Kia has sent the selected dealers back to school to make sure they are prepared to sell the K900 to the industry's famously finicky luxury sedan buyers. The company believes its flagship model will be "a catalyst in support of our long-term strategy to elevate the ownership experience," said James Hope, Kia's National Manager for product communications, to Autoblog in an email. According to Edmunds, the dealers paid about $30,000 each in required training, tools and showroom displays. It wants the improvements to "shift the culture" in its dealers to be ready to welcome luxury buyers, according to Hope. Kia Director of Public Relations Scott McKee told Autoblog that the brand expects buyers to be "independent thinkers" from a blend of current Kia owners stepping up to the K900 and conquests from other luxury brands.

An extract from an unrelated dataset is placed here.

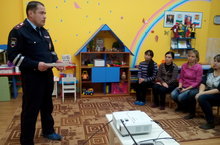29 октября 2015г. в МБДОУ д/с "Лэйсэн" в предверии осенних каникул прошли групповые родительские собрания. В для родителей воспитанников старшей группе "Тамчыкай"- "Капелька" выступил начальник ОГИБДД МВД России по Тукаевскому району Ганиев Ш.М. с докладом "Профилактика дорожно-транспортных проишествий." Шамиль Мирсаитович рассказал родителям о том как важно во избежание насчастного случая посадить ребенка в детское кресло и пристегивать ремнями безопасности при движении автомобиля по проезжей части. Также Шамиль Мирсаитович отметил о скоростном режиме водителей и о езде в темное время суток при минимальной видимости. Родители внимательно слушали выступающего.
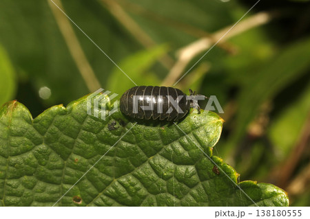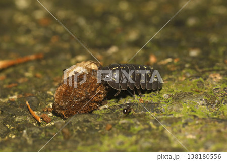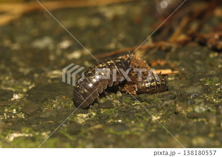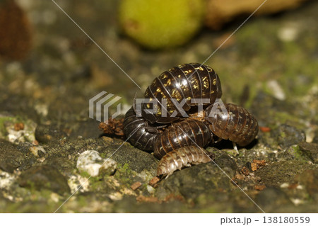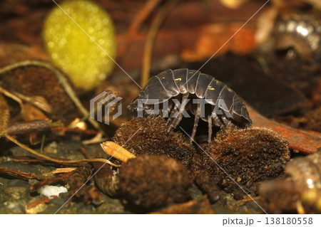 朽ち木に雌の黄色い紋のあるオカダンゴムシ(自然環境下生物マクロ撮影)

Kia has been slowly building awareness of the K900, especially with its Super Bowl ad, but it still has a long road ahead of it to prove what makes it crown jewel different. The company believes more dealers will sign up to sell it once public awareness for the new sedan grows. "There has never been a better time to challenge the status quo," said Hope. Also, a V6 model will launch in the future at a lower price, which should bring more people into the updated showrooms. Given what Kia has accomplished in the US in the last 20 years, it would be foolish to count the K900 out, but that doesn't mean it will be easy to break into the luxury sedan market.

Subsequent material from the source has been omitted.